Tuesday, October 20, 2015

On Humility

I’ve wanted to do something great for quite some time. I wanted to be the savant, whose first novel gets published quickly, transcending eons of success, labeled the next great American book. Similarly, in my work with at-risk youth, I want to be recognized as the most talented and caring individual ever to be called a teacher and social worker and quickly be considered for the next Nobel Peace Prize.

My stories are about something important: empathic explorations of veteran’s coping with life after war; they’re relevant and have every right to be read by the world. Similarly, my work helping the less fortunate is not only meaningful to me, but also necessary for the good of society. I see myself deserving greatness and should be arriving shortly.

This past Sunday, my pastor preached on Mark 10:35-45. This is the passage where James and John declare they want to sit at the right hand and left hand of Jesus, in his glory. I think I can relate to these guys. I think understand what they’re asking. I imagine myself demanding the same closeness to Christ, asking for it with the same hint of righteousness. It’s not that I want to be the best or desire recognition, I just want to do something great, do the goodest good and anything less, just isn’t good enough.

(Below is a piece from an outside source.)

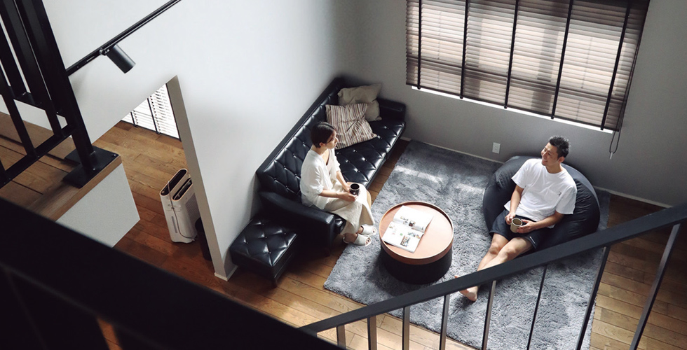 休日は、リビングでお茶を飲んだり読書をしたり。ゴロゴロのんびり過ごすことが最高の贅沢というお2人。これからは、「ちょっぴりIESIMに合うグッズを足していく予定。それでもう充分」だそう。

The problem is what I’m missing in the meantime. Jesus responds by saying “whoever wishes to be first among you must be slave of all.” A slave is not only someone who serves, but serves enduringly, tirelessly, with little recognition of their service. Someone who understands the importance of every moment and doesn’t become blinded with future glory. Someone who knows that each task at hand is not only required of them, but a part of the something bigger.


I write stories not for an award someday, but because each is an important story I want to tell. Each story is an idea, an experience, a character and a world, much like our world, that needs to be told. And though there may not be millions of people reading my stories, it’s the few dozen (or less) actually engaged with them that matter. Similarly, the youth I have helped thus far are as important, maybe even more important, than the thousands I see myself potentially helping in the future. It’s not about one instance of greatness that affects millions, but about doing one thing for one person daily, hourly. If any level of greatness is possible it must be lived regularly just as the servant serves and with no regard for recognition.


Post two in a series of five posts for a class at Luther Seminary this semester: "Dietrich Bonhoeffer, Eleanor Roosevelt, and Martin Luther King Jr. in Dialogue with Public Theology Today."